As for this last trip, I had two 72 hr packs, plus water, and a case of cliff bars, plus my .40 with 100 rds of ammo, $300 in silver coin and $5,000 in gold, plus $30,000 in jewelry between my wife and I. The SUV has a locking storage are in back for the gun... Since I can't take it inside the casino/hotel.

On those where we fly, I can't take all that, except the PMs, which I do... Our line of credit at the casino would buy a new car and enough gas money to drive home, but that isn't really comforting...

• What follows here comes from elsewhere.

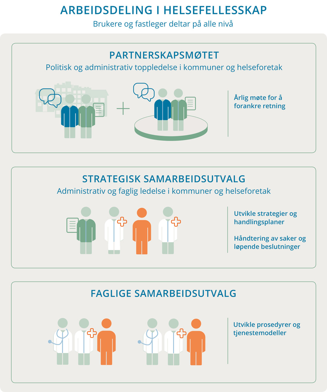 - Det neste nivået, strategisk samarbeidsutvalg, møtes administrativ og faglig ledelse. De beslutter de konkrete pasientforløpene og hvordan tjenestene skal utvikles.

I am a believer that we will see the warning signs so, I am not 100% worried, just never thought of it before,,,


----------



## Turtle (Dec 10, 2009)

If I am flying or travelling CONUS, I always have my sidearm (one of the big perks to being a fed). As my dad always says, a pistol is only useful to fight your way to a rifle, so when travelling, that would have to hold me over until I can get better equiped. There is definitely something comforting about having your own weapon if you have to be in unfamiliar territory.


----------



## Wellrounded (Sep 25, 2011)

If it all went pear shaped right now...... Would depend what was happening. The grid going down would mean we'd have to empty most of the freezers (could keep one going with solar panels) and install the solar water pump. Curse a lot because I don't have enough canning supplies and we are very low on grain and hay. 
The grain is an unexpected problem, we thought we'd have no problem refilling through the year and had only filled half the silo as it was all we had the cash for, stupid mistake. Won't happen again though, as soon as possible we'll fill it to the top even if we have to sell some stuff to do it.
If possible trade the neighbour fresh meat/vegies for use of a few acres of extra pasture to take the pressure off this place. 
If things were really bad I doubt I'd ever see my youngest daughter again, she's too far away and not prepping. So I'd have to deal with that grief. 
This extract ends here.